# Victorian Timber Frame Barn - Stables to Garage/Workshop



## autojumbled (6 Nov 2018)

This is a fun one. :mrgreen: 

Just moved into our new house. A late Victorian (exact build date currently unknown but title document makes reference to something happening in 1884) end terrace in the New Forest, Hampshire.
In the rear garden we have what I can only describe as a timber framed, metal-clad barn and a smaller similarly constructed shed.















As you can imagine, these structures are pretty old and in need of some love and attention to get them water tight and functional.
My long-term aim is to make use of the barn as a garage and attached workshop, providing the structure is safe and is able to be repaired to a level we're happy with.

From looking over the building, its clear that that the older part is divided into stables with a hay loft above and a newer extension has been added, possibly for cart/carriage storage. I'm wondering whether it was housing for a taxi or milk cart or similar, back in the olden times. Certainly these buildings pre-date the house - I need to do more digging at the local library (as well as find some details on how 'protected' it is).










Being realistic though, the chances of me getting to make any headway on any sort of restoration is a long way off as we have to focus on the house first. Any action I take now will be in aid of slowing down any decay etc.

The rear of the barn is north facing and is where the majority of the dodgy timber is located from what I can tell on my rough once-over.






I absolutely welcome any information on similar buildings or knowledge from timber experts on where I should be concentrating efforts etc!!
Nonetheless, hoping this is going to be an interesting project that may one day serve as home to car tinkering. #-o


----------



## sunnybob (7 Nov 2018)

wonderful to look at and explore, but a money pit to attempt to restore.
I think you should be praying for a hurricane (after making sure your insurance is up to date of course) :roll: :roll:


----------



## autojumbled (7 Nov 2018)

sunnybob":29o5h8dg said:


> wonderful to look at and explore, but a money pit to attempt to restore.
> I think you should be praying for a hurricane (after making sure your insurance is up to date of course) :roll: :roll:



That reminds me - I need to check up on the insurance!


----------



## MikeG. (7 Nov 2018)

Stunning! 

I assume your house isn't Listed? Don't listen to anyone who says push them over. The conversions will be well worth the time and effort that goes into them. I've got a number of such buildings on the go at the moment, two at least in far worse condition. One thing I will say is that you should be extremely grateful for the crinkly tin, which has saved huge numbers of old buildings from destruction over the years.

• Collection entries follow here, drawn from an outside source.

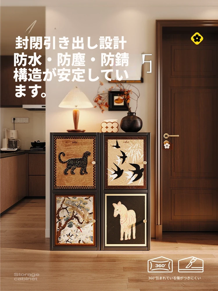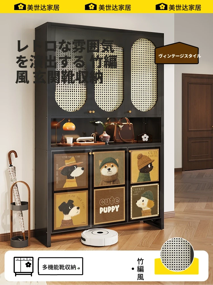 美世达バンブー編み玄関キャビネット - 中古風の入門正面収納、リビングのパーティションとしても使える高級感溢れる一体型デザイン!おしゃれで機能的な空間を演出します。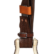 Sella western Pool's Genuine modello reining Butterfly. Cuoio harness con riporti in rawhide.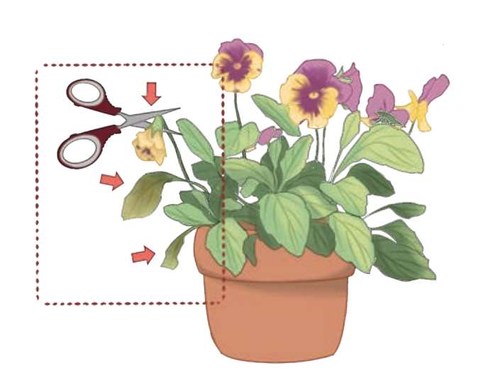 摘除残花时,从花朵下方的茎部开始,而不只是摘除花瓣部分。一些没有叶子的花茎,可直接从根部摘除,如三色堇、蝴蝶兰等。花序生长较多小花的花卉(如仙客来),可以先一朵朵摘除,等整体凋谢后再将其下方的茎摘除。留种的植物不宜除残花,但花期较长的,夏季结籽多不饱满、发芽率低,应于秋季开花留种为宜。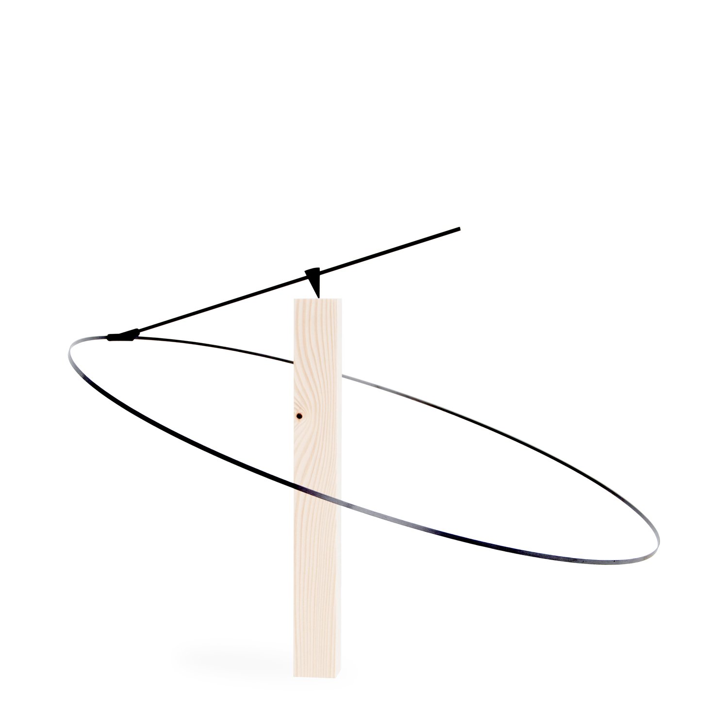 A lightweight hoop, suspended and gently swaying in the breeze.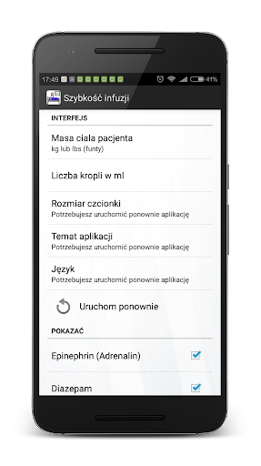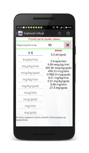 Program pozwala na obliczenie szybkości infuzji leków. Zamiana z ml/godz na mg/min, mg/kg(lb)/min, mg/kg(lb)/godz, mg/godz, mcg/kg(lb)/min, mcg/kg(lb)/godz, mcg/godz jest szybka, prosta I wymaga tylko kilku klikniec. W ustawieniach mozesz wybrac mase ciala w kilogramach lub lbs (w UK)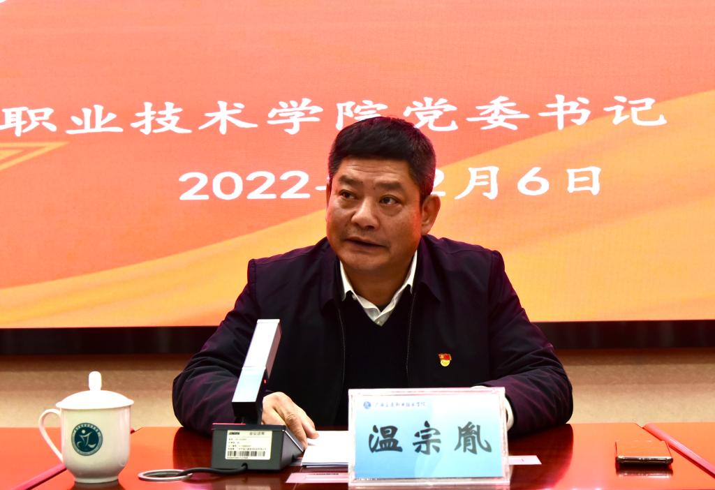 温宗胤书记强调,在接下来的工作中,我们要以党的二十大精神为指引和遵循,进一步增强责任感和使命感,坚定不移沿着习近平总书记指引的方向奋勇前进,主动服务广西“交通强国”试点、西部陆海新通道、平陆运河建设等国家重大战略,紧紧抓住广西和教育部省部共建、共同推进广西教育高质量发展的重要机遇,踔厉奋发,勇毅前行,以双高建设为牵引,紧扣凸显“高”、彰显“强”、体现“特”的目标,对标对表、系统推进学校改革与建设,团结奋斗把以人为中心的内涵建设转化为“争国家双高 创职业本科”的强大动力,在新时代新征程上,续写新的历史篇章、创造新的时代辉煌!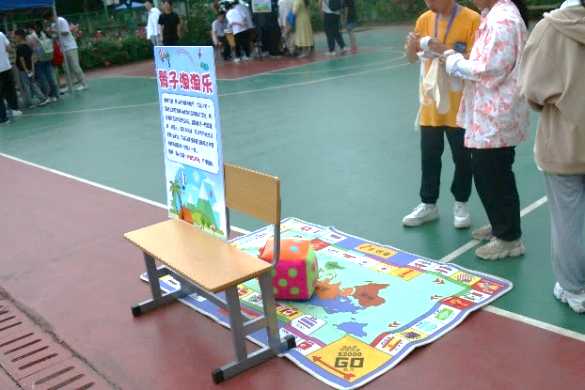 本次游园活动设置有玩偶贴贴、夹夹弹珠、饶舌口令、投壶大比拼、飞黄腾达、手脚并用、迷宫盘、乐趣拼图、飞盘连连看、快乐指压板、神经衰弱和骰子淘淘乐十二个项目和套圈、蛋糕DIY和冰激凌小站三处兑奖点。活动采用玩游戏赢印章的方式进行,参与者每完成一个项目都能获得相应印章,全部完成后即可凭借对应数量的印章领取纪念品或套圈赢得大奖。

If you do nothing else now, just nail down any flapping tin, and go around the outside of both buildings with a shovel, clearing back vegetation and lowering any piled up soil. Have a good look at gutters & downpipes with the aim of diverting rainwater away from the foot of the building. Your next job is to do a measured survey drawing, and start planning.


----------



## autojumbled (7 Nov 2018)

MikeG.":1cp6m3zt said:


> Stunning!
> 
> I assume your house isn't Listed? Don't listen to anyone who says push them over. The conversions will be well worth the time and effort that goes into them. I've got a number of such buildings on the go at the moment, two at least in far worse condition. One thing I will say is that you should be extremely grateful for the crinkly tin, which has saved huge numbers of old buildings from destruction over the years.
> 
> If you do nothing else now, just nail down any flapping tin, and go around the outside of both buildings with a shovel, clearing back vegetation and lowering any piled up soil. Have a good look at gutters & downpipes with the aim of diverting rainwater away from the foot of the building. Your next job is to do a measured survey drawing, and start planning.



Thanks Mike, appreciate the direction.

I've already started clearing the edges and cutting out ivy roots etc to help things.
A slight issue will be getting access along the side of the building which sits on the boundary line with next-door. I've already started making friends so hopefully I can keep them sweet!


----------



## Woody2Shoes (7 Nov 2018)

I have serious shed envy!

Your profile says new Forest - if you're in the National Park the planning rules are a potentially a lot stricter. It's possible it could be "locally listed" as some kind of "heritage asset" - which again may make it slightly less simple to alter the external appearance - I guess your local Parish Council could help you clarify this.

I think that the best source of info. about former uses would be from chatting to old folk who've lived nearby for a long time. I got to know the old boy who was born in our house before WW1 (he only died about five years ago!) and he was able to show me old photos of the adjoining stables in use prior to WW2 - his job as the youngest boy was to look after the horses - raising water for them from the well.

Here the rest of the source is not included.